What you are asked to do →
Please copy exactly the line that contains "Альбом для акварели А3" and every line after it through the end of the records, leaving the pictures out.

The input →

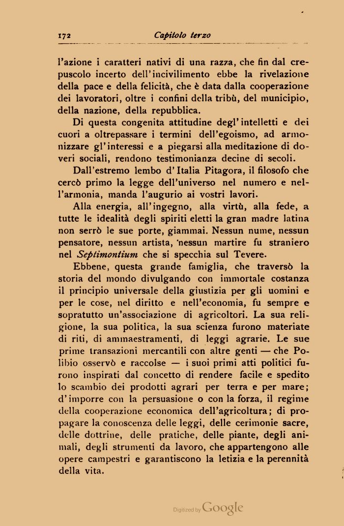 Ebbene, questa grande famiglia, che traversò la storia del mondo divulgando con immortale costanza il principio universale della giustizia per gli uomini e per le cose, nel diritto e nell'economia, fu sempre e sopratutto un'associazione di agricoltori. La sua religione, la sua politica, la sua scienza furono materiate di riti, di ammaestramenti, di leggi agrarie. Le sue prime transazioni mercantili con altre genti — che Polibio osservò e raccolse — i suoi primi atti politici furono inspirati dal concetto di rendere facile e spedito lo scambio dei prodotti agrari per terra e per mare; d'imporre con la persuasione o con la forza, il regime della cooperazione economica dell'agricoltura; di propagare la conoscenza delle leggi, delle cerimonie sacre, delle dottrine, delle pratiche, delle piante, degli animali, degli strumenti da lavoro, che appartengono alle opere campestri e garantiscono la letizia e la perennità della vita.
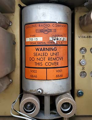 case showing rubber-cushion shock feet. Also the bottom and rear cut-outs 7. Close-up of one of the CY-1260/G side heavy-duty glide rails 8. Side louvers on CY-1260/G 9. Mil SN:161 is the assigned serial number for the Army Signal Corps and that's stamped on the data plate. Collins had their own "in house" serial numbers that were assigned when the receiver was built and put into Collins stock. This receiver's Collins "in-house" serial number is 9108 and that number is ink-stamped on the front panel (located under the data plate) and punch-stamped on the rear of the chassis. This photo shows the Collins SN: 9108 on the front panel along with the data plate Mil SN:161 on contract order 3362-PHILA-52. Date codes on components in the receiver show August 1953 as the latest date which indicates the receiver was built sometime after that date. And, note,...the receiver doesn't have a Break-in Switch so one assumes its pre-1953 manufacture, which it obviously isn't. Read more in the 2025 update below. 10. 70E-15 PTO SN: M6653 is a fairly high serial number to go along with the Collins Mfg SN: 9108. Read the 2025 update below for more manufacturing date information. |
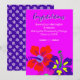 Unique and colorful graduation announcement with hibiscus flowers art. Tropical, hot pink color with dark purple, and off-white text. Three hibiscus flowers make a wide border at the bottom.. Fill in the templates to announce a daughter's graduation from high school or college. The reverse contains a pattern of graduation caps.
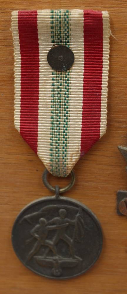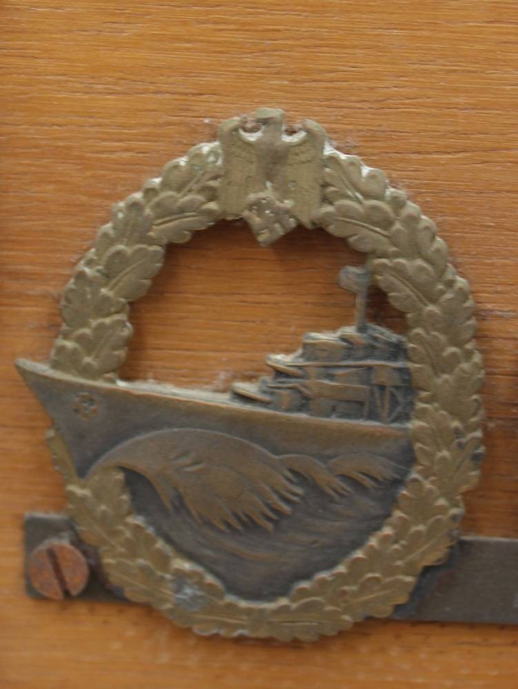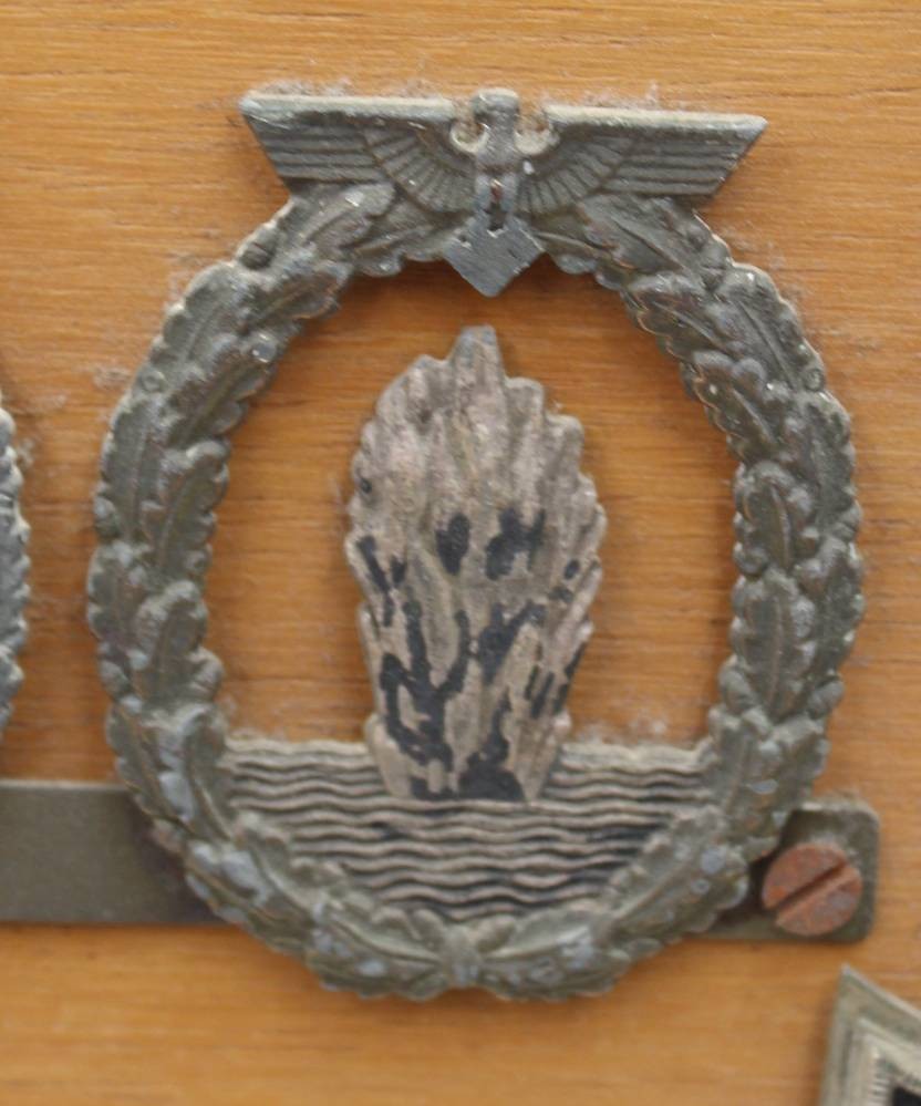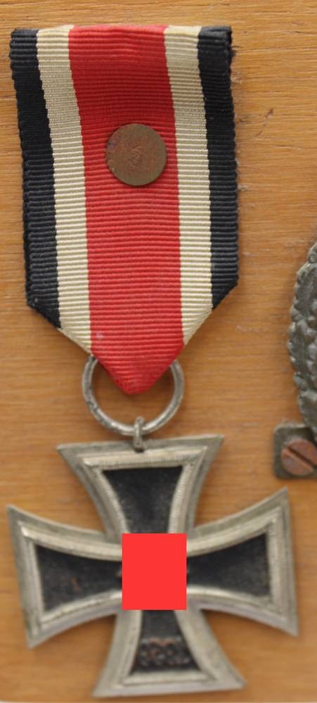 Holzbrett mit 5 div. Orden aus dem 3. Reich, Eisernes Kreuz 2 kl. (magnetisch), Medaille, sowie 3 MArine-Orden je angelötet, Nadelsysteme fehlen, Altersspuren [1]
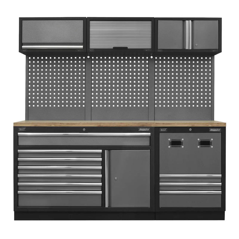 Package includes: APMS53 - Modular Wall Cabinet 680mm, APMS54 - Modular Wall Cabinet Tambour Front 680mm, APMS65 - Modular Wall Cabinet 2 Door 680mm, APMS64 - Modular Floor Cabinet 7 Drawer 1360mm, APMS63 - Modular Reel Cabinet 680mm, APMS50BP - Modular Back Panel 615mm (x3), APMS50UCD - Modular System Double Upright Connector (x2), APMS50UCS - Modular System Single Upright Connector (x2), APMS50WC - Pressed Wood Worktop 2040mm.
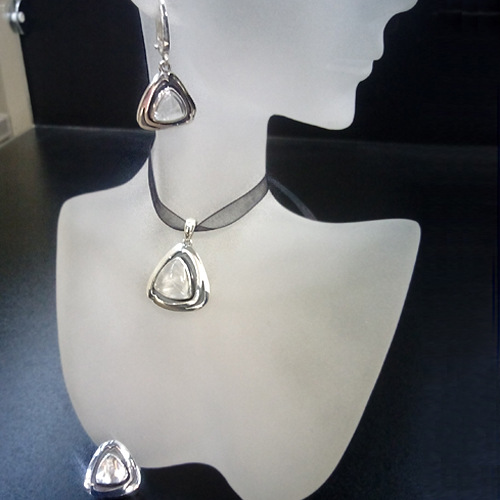 СРЕБЪРЕН КОМПЛЕКТ С ПЛАНИНСКИ КРИСТАЛ, РЪЧНА ИЗРАБОТКА, СЪСТОЯЩ СЕ ОТ МЕДАЛЬОН, ПРЪСТЕН И ОБЕЦИ.
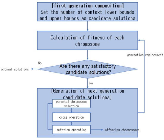 The CGK-based fuzzy granular model of the aggregated structure generates IGs of the context shape in the output space and IGs of geometric shape in the input space. In this study, the IGs of the context shape generated in the output space of the CGK-based fuzzy granular model of the aggregated structure is optimally assigned through the GA [,] based on biological genetics. GA sets the number of generations, cross-operation ratio, and mutation ratio and optimizes by creating a new group using genetic operators. It calculates the goodness of fit to confirm whether the new group has the optimal solution. The goodness of fit is evaluated using the PI obtained through training and validation data after the generation is created. The goodness of fit can quantitatively indicate how much the generated solution is fit for solving the problem. The sequence of GA is as follows. The initial chromosome is generated by using the upper and lower limits of the context to be optimized. The goodness of fit of each chromosome is calculated through the PI. The current chromosome becomes a parent chromosome, and from these, the offspring chromosome is generated through crossover and mutation operations. After calculating the goodness of fit of the generated child chromosomes, the above process is stopped if it is a satisfactory value; otherwise, the child chromosomes are generated again, and the above process is repeated. Figure 6 shows the flowchart of the genetic algorithm. The lower and upper limits of the context are set as candidate solutions, the fitness computation of each chromosome is calculated, and the result is repeated until satisfactory.
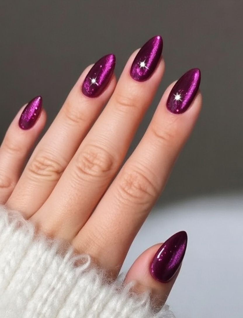 These cat eye nails in deep purple resemble a midnight sky scattered with tiny reflected stars. The shimmer is loud but elegant, instantly giving your hands that special glow without any Art. It has that cozy-yet-glam vibe perfect for the cooler months.
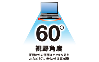 画面の正面を中心に60°(左右約30°)より外の角度からは画面がまっ黒に見えるので、パソコン画面を見られる心配がありません。
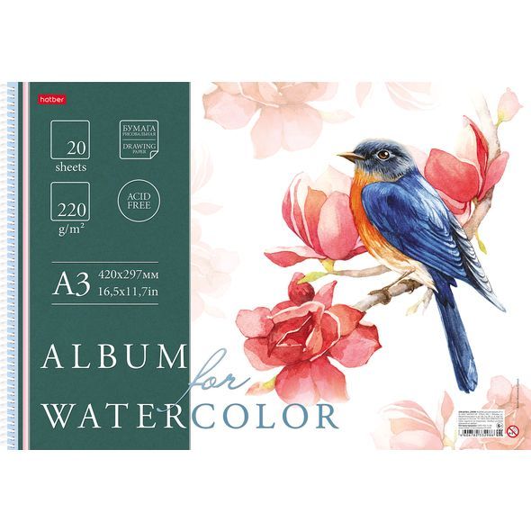 Альбом для акварели А3 формата, на пластиковой спирали.Внутренний блок-20 листов, 200 гр., отличается качеством и плотностью бумаги. Жесткая подложка позволит делать зарисовки на весу.Обложка изготовлена из высококачественного мелованного картона и дополнена спецэффектом в виде тиснения. Альбом для акварели ТМ Hatber российского производства отпечатан на современном высокотехнологичном оборудовании и соответствует стандартам качества. Подходит для рисования акварельными красками, акварельными карандашами, гуашью и фломастерами. Рисование в альбомах Hatber-это увлекательный и творческий досуг для всех.
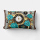 Steampunkuhr und türkisfarbene Rose auf Streifen Lendenkissen
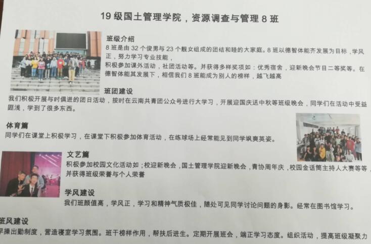 为进一步加强国土管理学院各班级“自我教育、自我管理、自我服务”的功能,充分发挥和调动学院各班级工作的积极性和创造性,加强学院各班级之间的联系与沟通,营造积极向上的班级学风,向全体师生展示班级风采,国土管理学院积极组织开展班级风采展示活动。
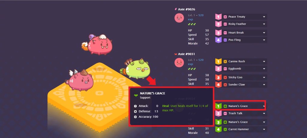 *如果Axie的速度太快,则不推荐将恢复技能放在首回合使用。
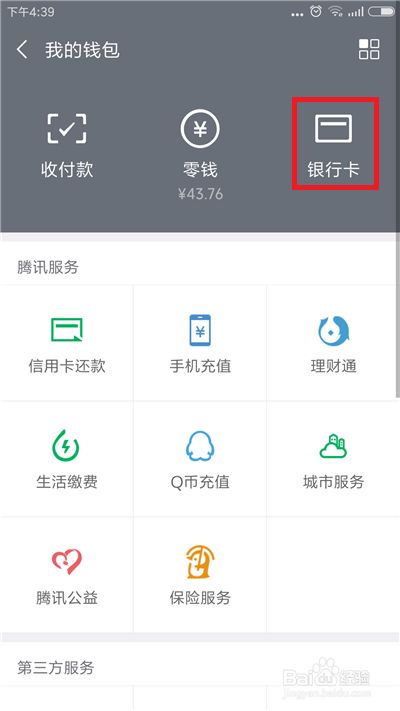 在钱包界面中找到右上角的【银行卡】选项并点击。
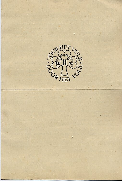 Gevouwen bedelbrief, op de voorkant het logo van de Winterhulp met de tekst: 'Voor het volk, door het volk'. Aan de binnenkant een machtiging voor het storten van geld.

Task solution →
 Альбом для акварели А3 формата, на пластиковой спирали.Внутренний блок-20 листов, 200 гр., отличается качеством и плотностью бумаги. Жесткая подложка позволит делать зарисовки на весу.Обложка изготовлена из высококачественного мелованного картона и дополнена спецэффектом в виде тиснения. Альбом для акварели ТМ Hatber российского производства отпечатан на современном высокотехнологичном оборудовании и соответствует стандартам качества. Подходит для рисования акварельными красками, акварельными карандашами, гуашью и фломастерами. Рисование в альбомах Hatber-это увлекательный и творческий досуг для всех.
 Steampunkuhr und türkisfarbene Rose auf Streifen Lendenkissen
 为进一步加强国土管理学院各班级“自我教育、自我管理、自我服务”的功能,充分发挥和调动学院各班级工作的积极性和创造性,加强学院各班级之间的联系与沟通,营造积极向上的班级学风,向全体师生展示班级风采,国土管理学院积极组织开展班级风采展示活动。
 *如果Axie的速度太快,则不推荐将恢复技能放在首回合使用。
 在钱包界面中找到右上角的【银行卡】选项并点击。
 Gevouwen bedelbrief, op de voorkant het logo van de Winterhulp met de tekst: 'Voor het volk, door het volk'. Aan de binnenkant een machtiging voor het storten van geld.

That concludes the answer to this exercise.